Global values fall on Ukraine tensions
Iseq closes up almost 0.3% as Aer Lingus puts on nearly 5% in substantial trading
Aer Lingus had its busiest trading day in five years as its share price closed out the session up 4.8% to €1.37. Photograph: Matt Kavanagh/The Irish Times
Global stocks fell and treasuries extended gains as escalating tensions in Ukraine outweighed optimism on ECB stimulus.
The crisis in Ukraine deepened as the government there said its army destroyed part of a column of military vehicles that crossed the border from Russia.
US and European stocks fell, erasing an earlier rally, while treasuries extended an advance. Irish 10-year bond yields hit a new record low.
The Iseq closed up almost 0.3 per cent. The market traded strongly all day until news emerged of military activity in Ukraine before 4pm, bringing a slightly dull end to trading.
Aer Lingus was the undisputable headline story of the day, its stock rising by 4.8 per cent to €1.37 following substantial volume in sales and speculation that businessman Denis O’Brien had sold the last of his holding in the airline. The carrier had its busiest trading day in five years.
Elsewhere, Kingspan enjoyed a 2 per cent boost while Smurfit also had a healthy day’s trading, closing up 1.5 per cent.
Bank of Ireland finished well, climbing three-quarters of a per cent with analysts happy that, on the back of a strong week with stock now valued at €0.27, demand for the stock is reviving.
Kerry dropped a quarter of a per cent to €56.09 and Fyffes rose 1.6 per cent to hold at a steady €0.92 following a tumultuous week.
LONDON UK stocks pared their advance in the final hour of trading, leaving the FTSE 100 Index little changed.
The broader FTSE All-Share Index rose less than 0.1 per cent today.
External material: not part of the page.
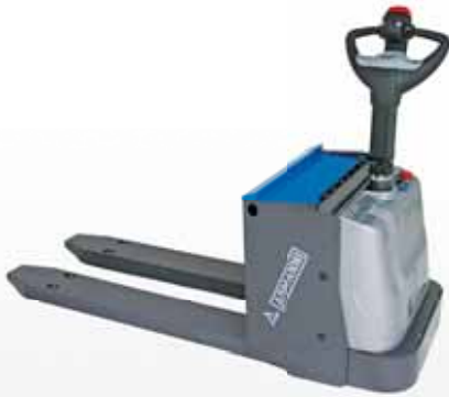
*Compact version for capacities up to 7 tons

BHP Billiton gained 1.2 per cent to 2,050 pence. The company may announce next week a spin-off of assets, according to a statement.
Rio Tinto Group, the second-biggest commodity producer, advanced 0.9 per cent to 3,406 pence. Premier Oil climbed 3.2 per cent to 336.8 pence after UBS raised its recommendation on the shares to buy from neutral. The brokerage said the company intends to narrow the gap between the stock price and net asset value and may boost its share buyback. New World Resources declined 4.8 per cent to 10 pence.
European stocks fell back from a weekly rally, erasing gains in the final hour of trading.
The Stoxx Europe 600 Index fell 0.4 per cent, the most in a week, to 329.72 at the close of trading in London, paring its weekly increase to 1.5 per cent.
H&M climbed 0.7 per cent to 289.8 kronor for its best week since September. Europe’s second-biggest clothing retailer said sales jumped 17 per cent in July. That beat SME Direkt’s estimate for a 12 per cent increase.
US stocks fell, trimming a weekly gain for the Standard and Poor’s 500 Index, after escalating tensions in Ukraine boosted demand for haven assets.
About 76 per cent of those that have reported so far this season have beaten analyst estimates for earnings.
Yesterday, eight of the 10 main S&P 500 groups retreated, with financial stocks sinking 0.7 per cent to pace declines. Charles Schwab and E*Trade Financial slid more than 1.5 per cent.
Nordstrom slid 4 per cent to $65.94, the lowest since May. The largest US luxury department-store chain reported same-store sales that missed estimates in the most recent quarter.
Monster Beverage soared 27 per cent to a record $91.16. Soft drinks giant Coca-Cola agreed to swap some brands and buy a 17 per cent stake in the company for about $2.15 billion, increasing its exposure to the growing energy-drink market. – (Additional reporting, Bloomberg)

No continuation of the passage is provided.